Once we put together the Guantanamo era habeas and civil rights cases what they amount to is this: if the U.S. abducts you from your home country and removes you to some unknown destination where you are detained, tortured, and otherwise abused for an indefinite period with no charges filed against you, and held incommunicado with no counsel assigned to you, you can, if you get a lawyer, file a habeas corpus petition seeking your release. However, if you survive this ordeal, under no circumstances will you be able to hold accountable the officials who arranged for your abduction, detention, and abusive treatment even though such treatment violates all manner of domestic and international norms. This is a legacy of which the U.S. should be deeply ashamed.

But this is not all. 

An Extraordinary Mobilization of Lawyers to Represent Guantanamo Detainees

Finally, any legacy of Guantanamo and 9/11 has to recognize the extraordinary mobilization on behalf of lawyers throughout the world to voluntarily assume legal representation of these numerous individuals held in detention off the shores of the U.S. without charges and in violation not just of the Constitution of the United States, but also of international law. 

Without compensation and often at great expense, not knowing who their client was and not even able to communicate in a common language, lawyers stepped up to the highest traditions of the profession to defend those beaten down by the USgovernment and the mass media. Much of this work was initiated by the Center for Constitutional Rights and Michael Ratner, undertaking a role similar to that under which the organization got started: mobilizing lawyers to go south in the 1960s to assist the Black liberation movements taking place there. Michael Ratner was gracious enough to come to my Constitutional Structures class in the midst of this extraordinary campaign to explain it to CUNY Law students. 

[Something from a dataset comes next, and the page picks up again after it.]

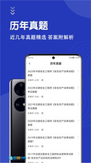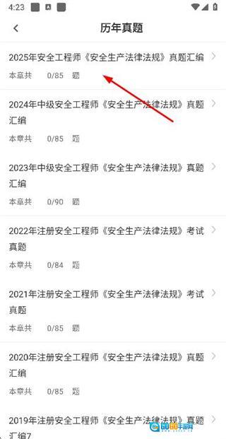 1、在安全生产法律法规页面中找到并点击“历年真题”选项,即可进入历年真题列表页面。

Of course there were some government naysayers who condemned the entire project, such as Charles D. Stimson, Pentagon lawyer who denounced volunteers for “representing terrorists.”  Little did he know that the U.S. was actually detaining artists and writers. Stimson learned the hard way. After a “torrent of anger from lawyers, legal ethics specialists and bar association officials, who said that his comments were repellent and displayed an ignorance of the duties of lawyers to represent people in legal trouble” Stimson left his position at the Pentagon claiming that the controversy had “hampered his ability to be effective at his job.

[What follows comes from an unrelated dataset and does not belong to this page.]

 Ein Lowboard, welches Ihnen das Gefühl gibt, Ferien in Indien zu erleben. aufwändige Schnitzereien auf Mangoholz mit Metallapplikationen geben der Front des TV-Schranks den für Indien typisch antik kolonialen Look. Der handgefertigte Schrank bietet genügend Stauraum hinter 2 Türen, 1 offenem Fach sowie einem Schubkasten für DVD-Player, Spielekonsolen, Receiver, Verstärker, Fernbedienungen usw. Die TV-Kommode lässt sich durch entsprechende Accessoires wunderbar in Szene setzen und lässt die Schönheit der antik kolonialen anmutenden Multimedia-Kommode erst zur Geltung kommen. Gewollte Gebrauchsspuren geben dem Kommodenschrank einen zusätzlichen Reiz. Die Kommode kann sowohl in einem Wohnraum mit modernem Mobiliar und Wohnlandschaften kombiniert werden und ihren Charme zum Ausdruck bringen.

This blog post goes to press to mark the 20th Anniversary of the opening of the detention center at Guantanamo Bay. Yet, how do we mark the anniversary of a tragic mistake? The United States should move immediately to rectify the harms that it has caused and pay compensation to its victims. This means, at a minimum, the repatriation of those who are currently being held and the payment of damages to those who were unlawfully detained and tortured. Britain has taken the lead in this direction and the United States should follow.